(Dataset content)
● ● ● ● ●
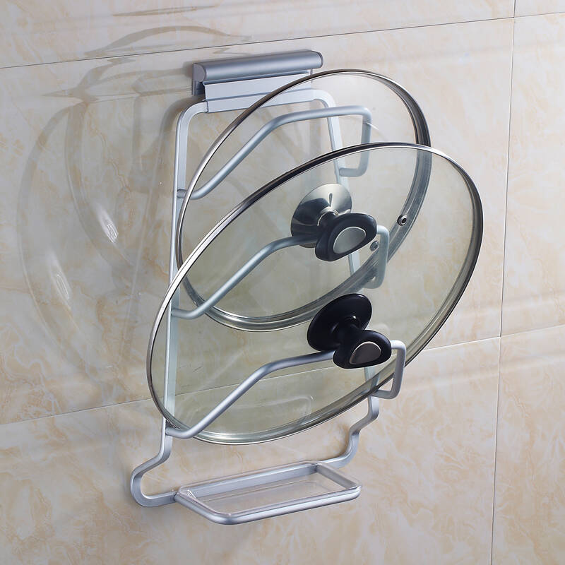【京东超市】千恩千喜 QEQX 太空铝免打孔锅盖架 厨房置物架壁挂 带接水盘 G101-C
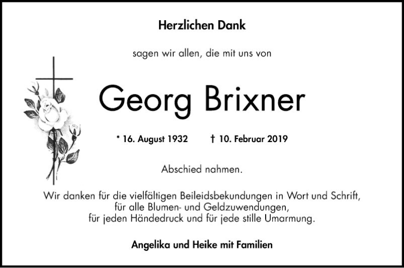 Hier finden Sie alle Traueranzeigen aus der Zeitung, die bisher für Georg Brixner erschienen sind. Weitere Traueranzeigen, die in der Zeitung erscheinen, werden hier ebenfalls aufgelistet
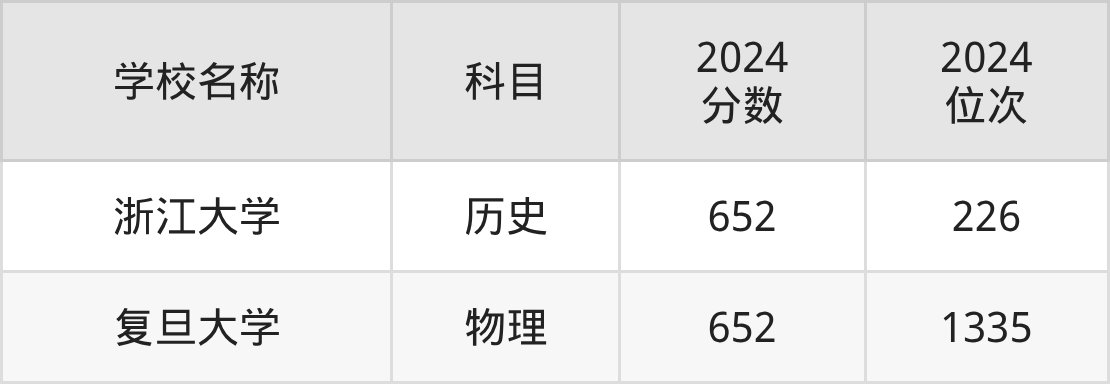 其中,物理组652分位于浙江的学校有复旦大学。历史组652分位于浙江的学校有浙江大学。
● ● ● ● ●
(Your instructions) Transcribe all of the material exactly, leaving out whatever pictures it contains.

(Exercise response)
【京东超市】千恩千喜 QEQX 太空铝免打孔锅盖架 厨房置物架壁挂 带接水盘 G101-C
 Hier finden Sie alle Traueranzeigen aus der Zeitung, die bisher für Georg Brixner erschienen sind. Weitere Traueranzeigen, die in der Zeitung erscheinen, werden hier ebenfalls aufgelistet
 其中,物理组652分位于浙江的学校有复旦大学。历史组652分位于浙江的学校有浙江大学。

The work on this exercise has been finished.